Directions →
Every line below must be copied as written, except for pictures.

==============================

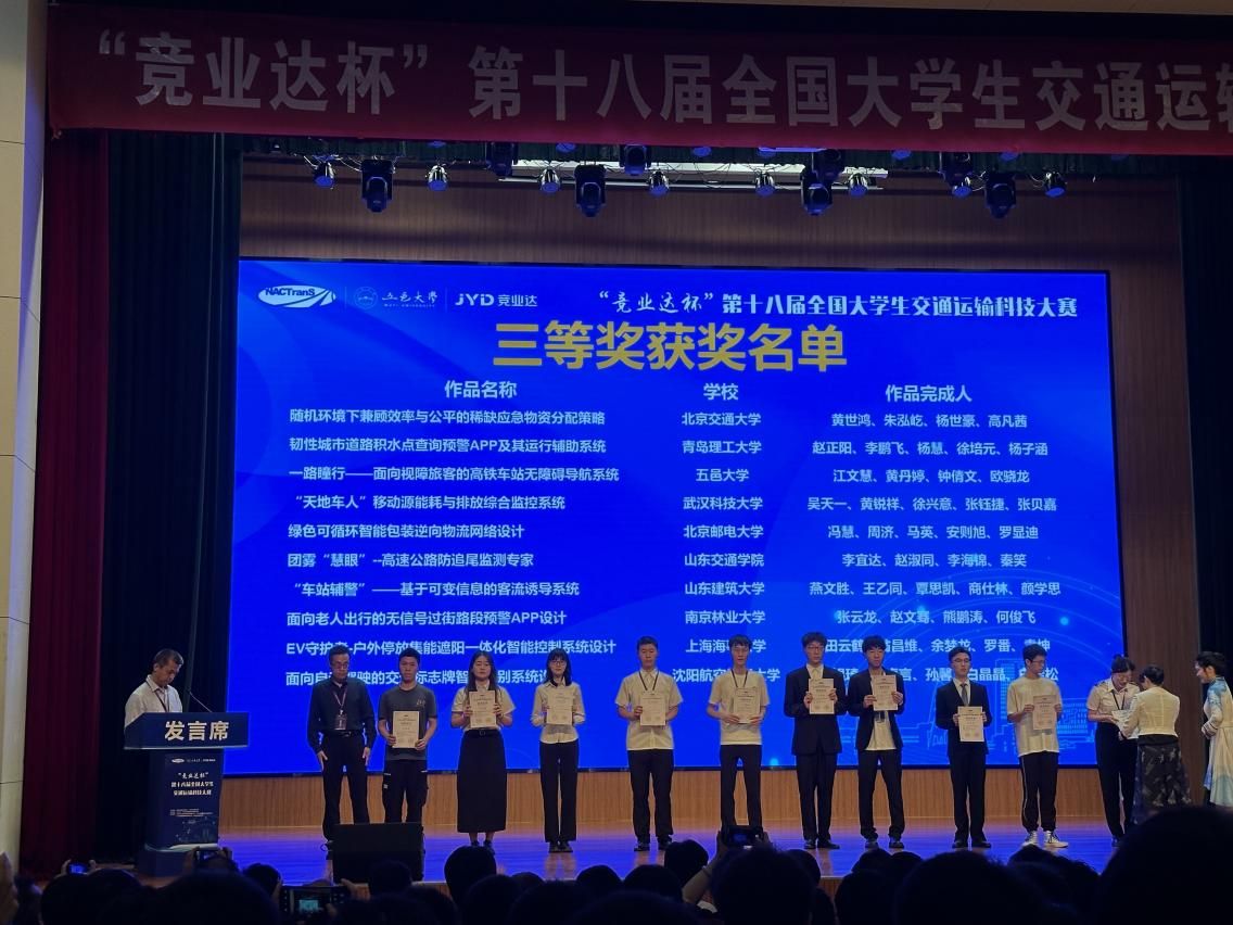 新闻网讯(通讯员张钰捷)5月27、28日,第十八届全国老员工交通科技大赛决赛在五邑大学举行。经过小组答辩展示和决赛评比,由英国365上市公司钱枫老师、工程训练中心鲍雄老师指导,英国365上市公司车辆工程(产业计划)2102班吴天一、黄锐祥、徐兴意、张钰捷和交通工程2001班张贝嘉五位同学完成的作品《“天地车人”移动源能耗与排放综合监控系统》斩获大赛三等奖。
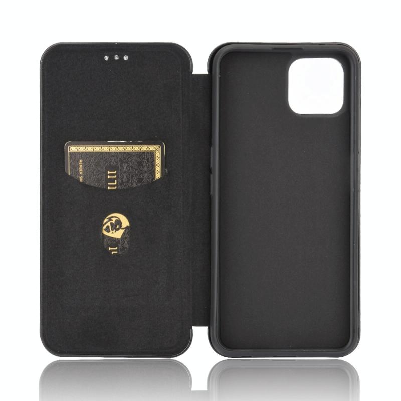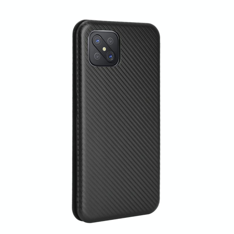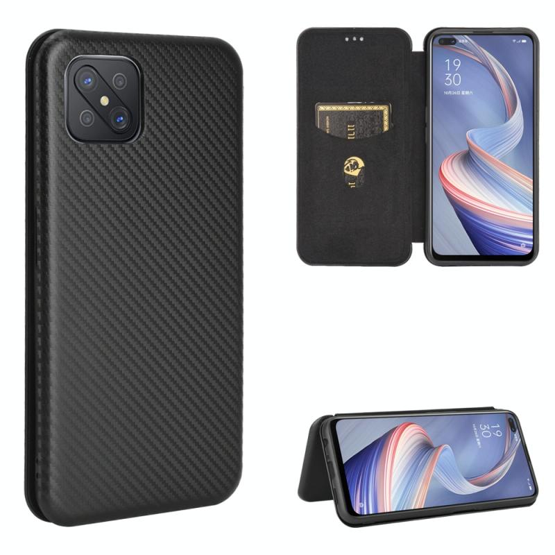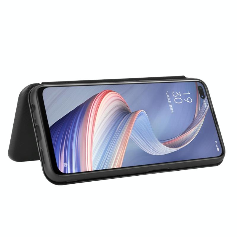 For OPPO A92s Carbon Fiber Texture Horizontal Flip TPU + PC + PU Leather Case with Card Slot(Black)
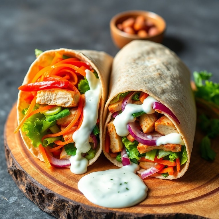 Un wrap nutritivo y fácil de preparar con tiras de pollo sazonadas y vegetales frescos, acompañado de una cremosa salsa de yogur que aporta frescura y sabor. Ideal para una cena rápida y satisfactoria sin complicaciones.
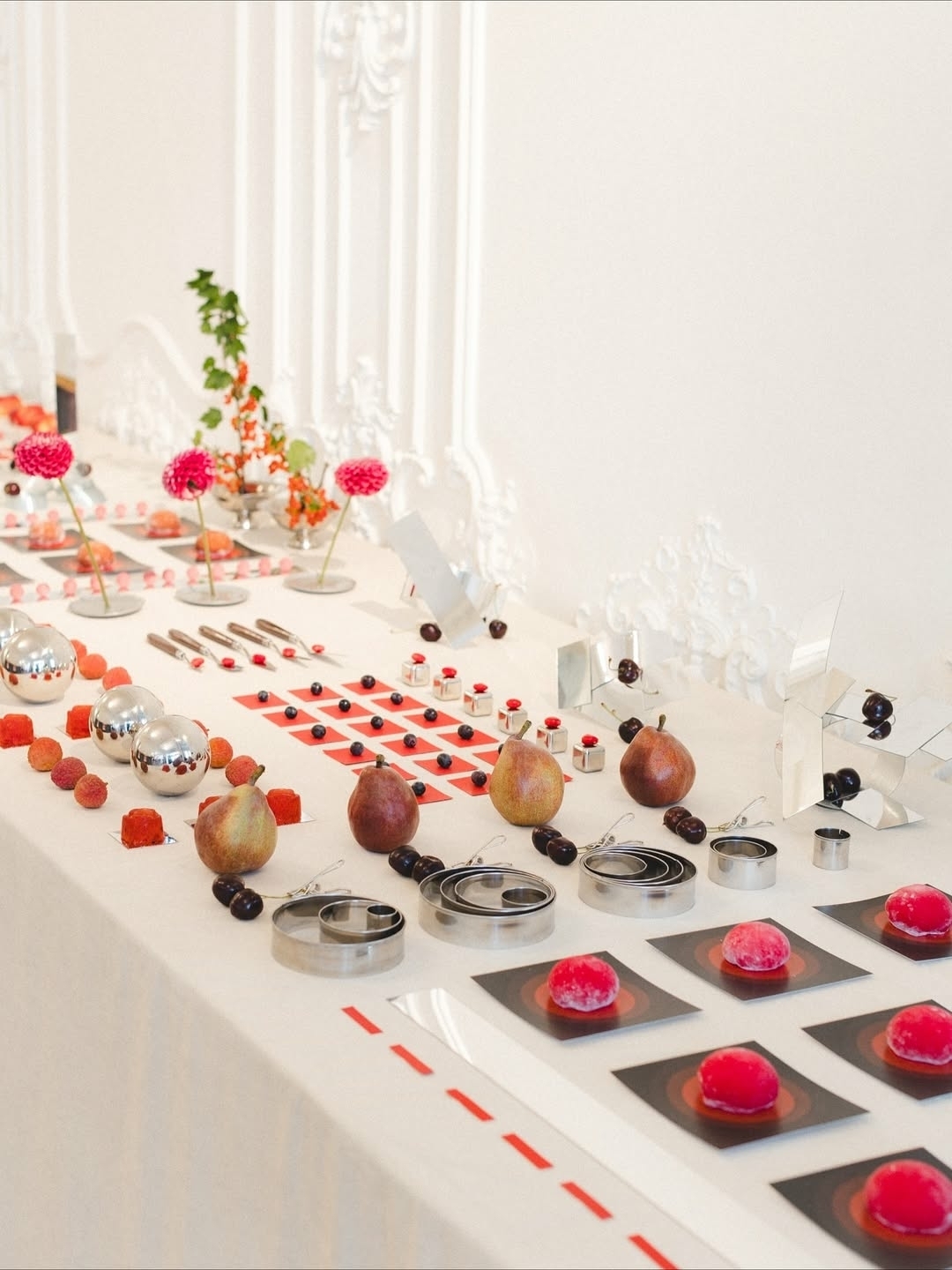 Мы не будем украшать стол нежными морепродуктами — это гастрономия в чистом виде, их лучше не превращать в декорации. Или, если мусс убежит со сцены раньше времени, от красоты не останется и следа. Есть множество продуктов, которые идеально сочетают в себе красоту и съедобность: фрукты, ягоды, орехи, выпечка и десерты — с ними мы работаем с удовольствием. Но в любом случае, если что-то идет не так, у нас всегда есть замена или запасной план.
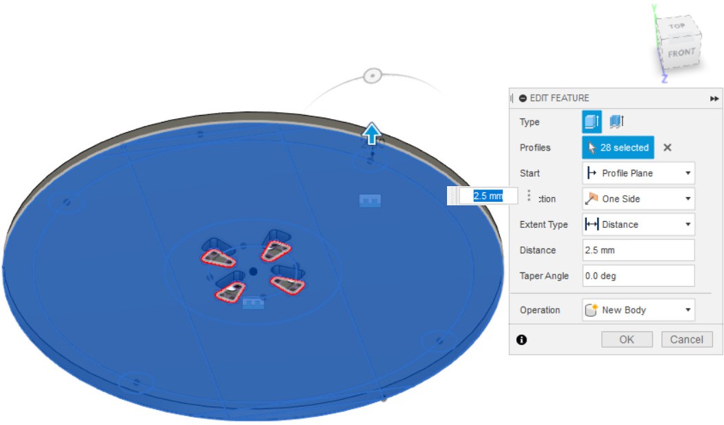 - Вытягиваем эскиз на 2 мм.
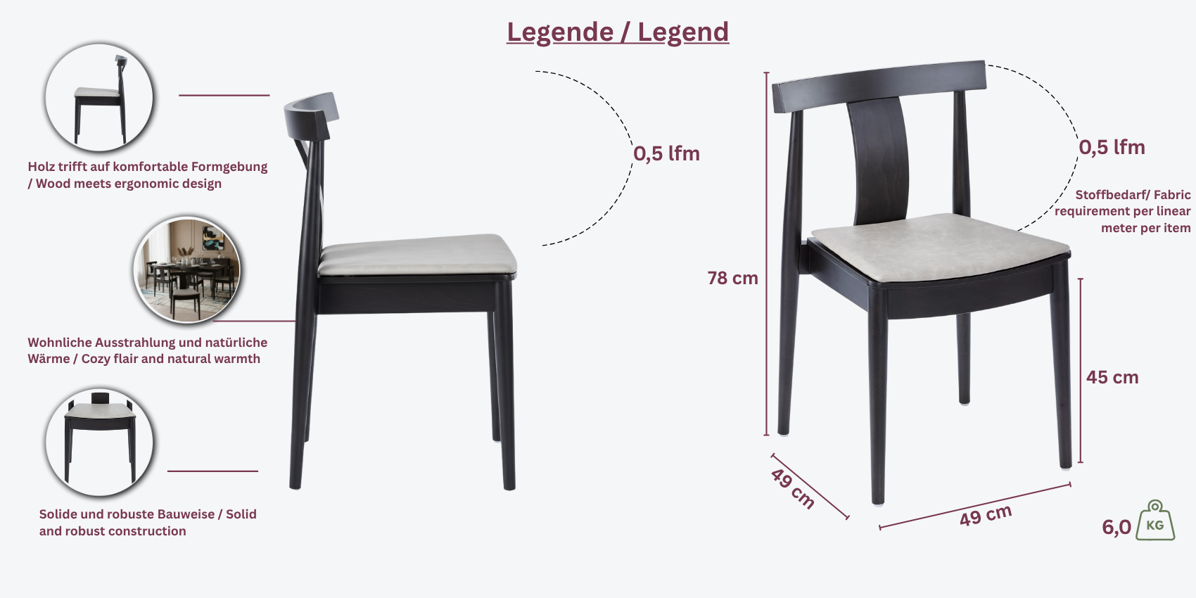 • Sitz: Bequem gepolstert und wahlweise mit Kunstleder oder Bezugsstoff bezogen – individuell anpassbar für jeden Einrichtungsstil.
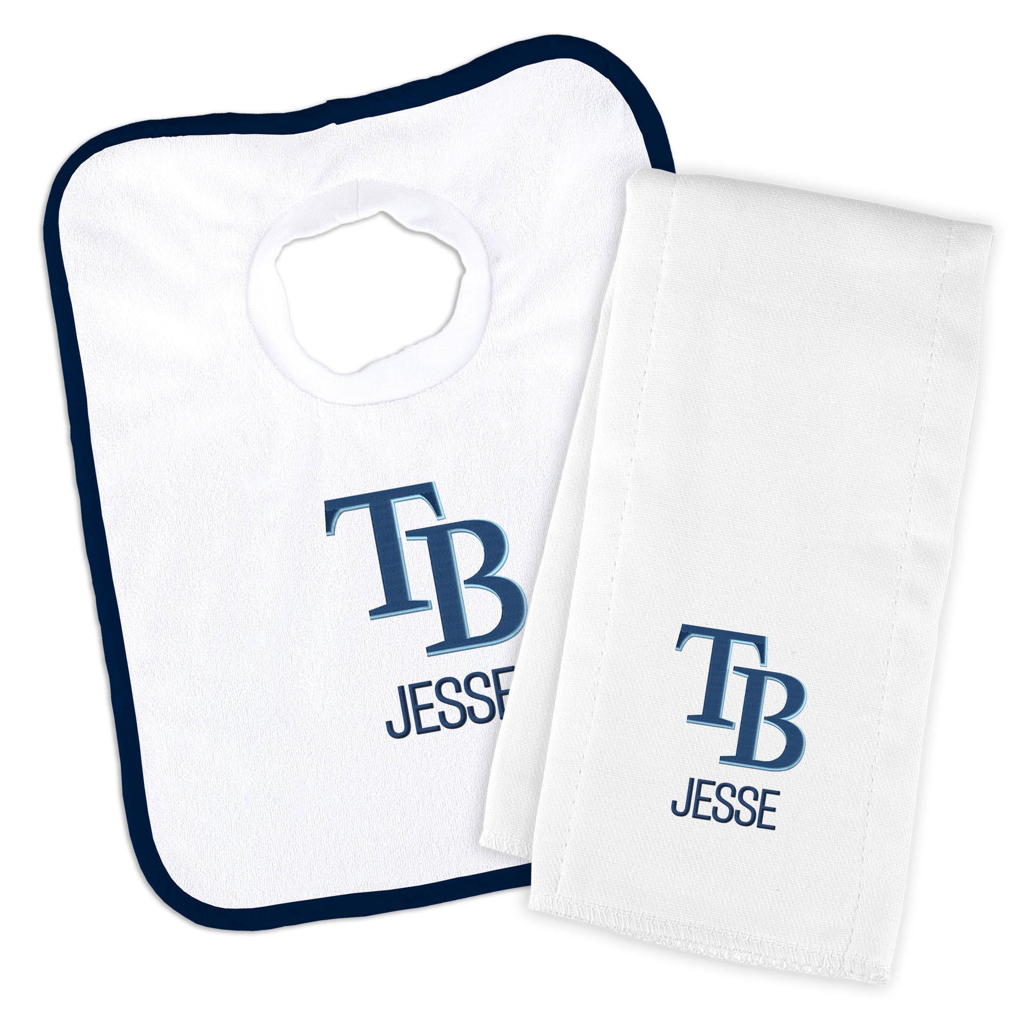 Our Personalized Tampa Bay Rays Bib and Burp Cloth Set is a thoughtful and useful gift for every baby Rays fan. The Rays burp cloth is generously sized and made of soft, absorbent 100% cotton, and the Rays bib has a soft, stretchable cotton neck hole for baby’s comfort. Parents, the bib slips easily over your baby's head and features a soft, gently gathered stretch cotton neck hole for maximum comfort; also, the burp cloth is a must-have asset.
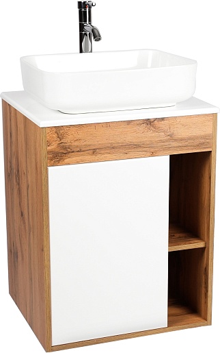 Viant Тумба под раковину Бостон 56 подвесная белая/дуб вотан
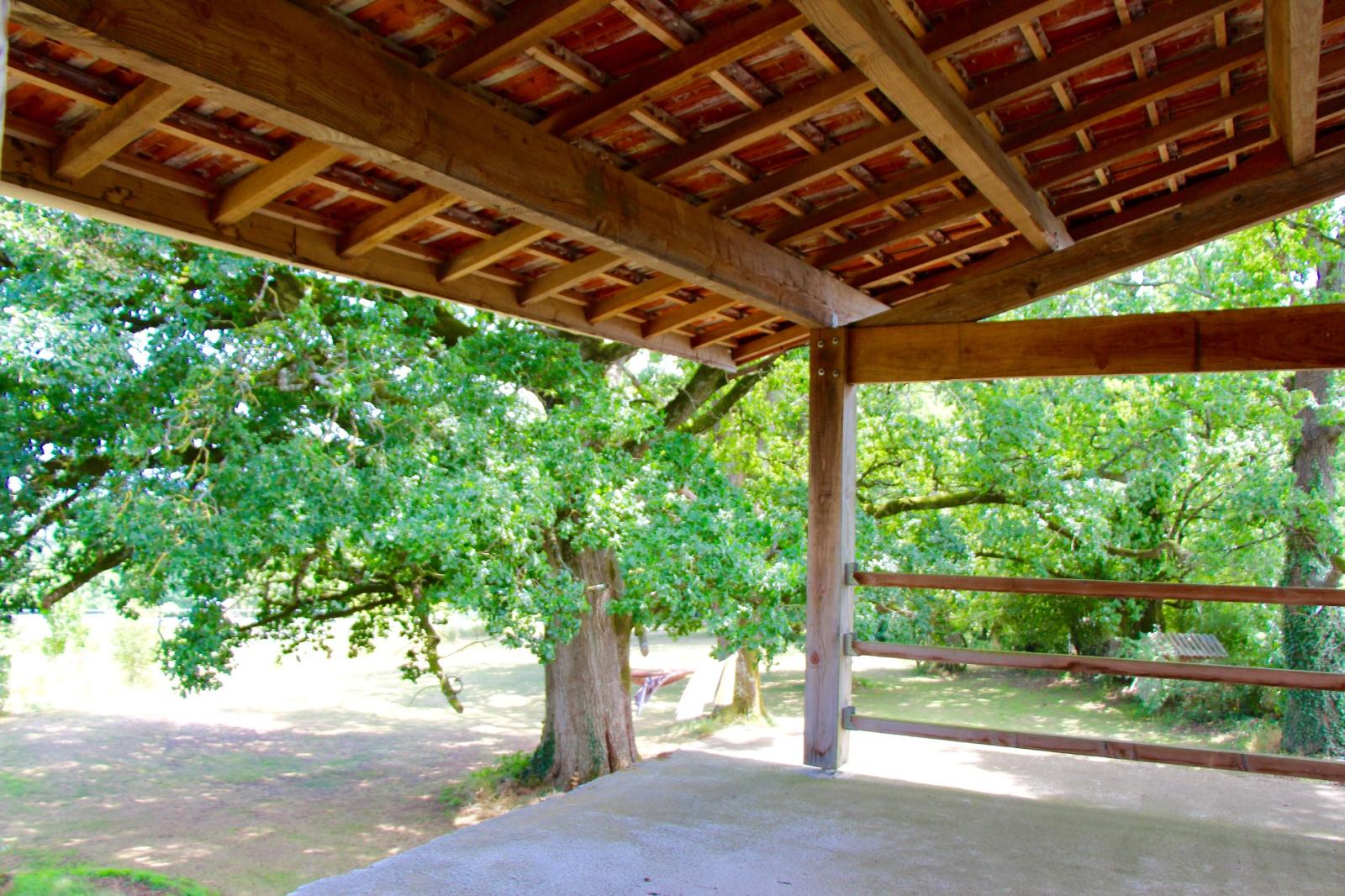 En extérieur vous profiterez d"un parc arboré avec son chêne tri-centenaire au moins... d'un abris de jardin, le bénéfice d'une source.
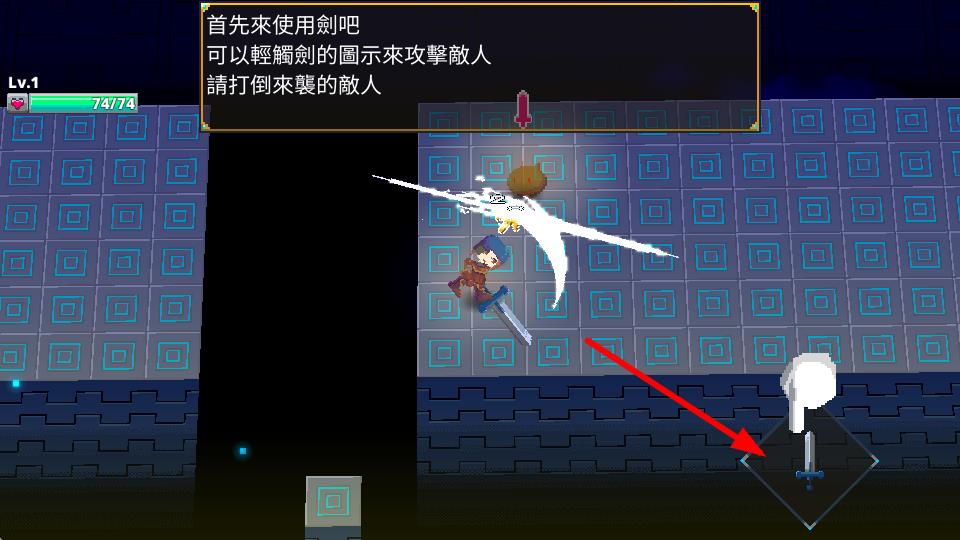 4、戰(zhàn)斗時(shí),輕觸劍的圖示可攻擊敵人,按照提示使用劍攻擊來(lái)襲的敵人,可順利打倒敵人并推進(jìn)游戲的進(jìn)程。

==============================

Written solution →
 新闻网讯(通讯员张钰捷)5月27、28日,第十八届全国老员工交通科技大赛决赛在五邑大学举行。经过小组答辩展示和决赛评比,由英国365上市公司钱枫老师、工程训练中心鲍雄老师指导,英国365上市公司车辆工程(产业计划)2102班吴天一、黄锐祥、徐兴意、张钰捷和交通工程2001班张贝嘉五位同学完成的作品《“天地车人”移动源能耗与排放综合监控系统》斩获大赛三等奖。
 For OPPO A92s Carbon Fiber Texture Horizontal Flip TPU + PC + PU Leather Case with Card Slot(Black)
 Un wrap nutritivo y fácil de preparar con tiras de pollo sazonadas y vegetales frescos, acompañado de una cremosa salsa de yogur que aporta frescura y sabor. Ideal para una cena rápida y satisfactoria sin complicaciones.
 Мы не будем украшать стол нежными морепродуктами — это гастрономия в чистом виде, их лучше не превращать в декорации. Или, если мусс убежит со сцены раньше времени, от красоты не останется и следа. Есть множество продуктов, которые идеально сочетают в себе красоту и съедобность: фрукты, ягоды, орехи, выпечка и десерты — с ними мы работаем с удовольствием. Но в любом случае, если что-то идет не так, у нас всегда есть замена или запасной план.
 - Вытягиваем эскиз на 2 мм.
 • Sitz: Bequem gepolstert und wahlweise mit Kunstleder oder Bezugsstoff bezogen – individuell anpassbar für jeden Einrichtungsstil.
 Our Personalized Tampa Bay Rays Bib and Burp Cloth Set is a thoughtful and useful gift for every baby Rays fan. The Rays burp cloth is generously sized and made of soft, absorbent 100% cotton, and the Rays bib has a soft, stretchable cotton neck hole for baby’s comfort. Parents, the bib slips easily over your baby's head and features a soft, gently gathered stretch cotton neck hole for maximum comfort; also, the burp cloth is a must-have asset.
 Viant Тумба под раковину Бостон 56 подвесная белая/дуб вотан
 En extérieur vous profiterez d"un parc arboré avec son chêne tri-centenaire au moins... d'un abris de jardin, le bénéfice d'une source.
 4、戰(zhàn)斗時(shí),輕觸劍的圖示可攻擊敵人,按照提示使用劍攻擊來(lái)襲的敵人,可順利打倒敵人并推進(jìn)游戲的進(jìn)程。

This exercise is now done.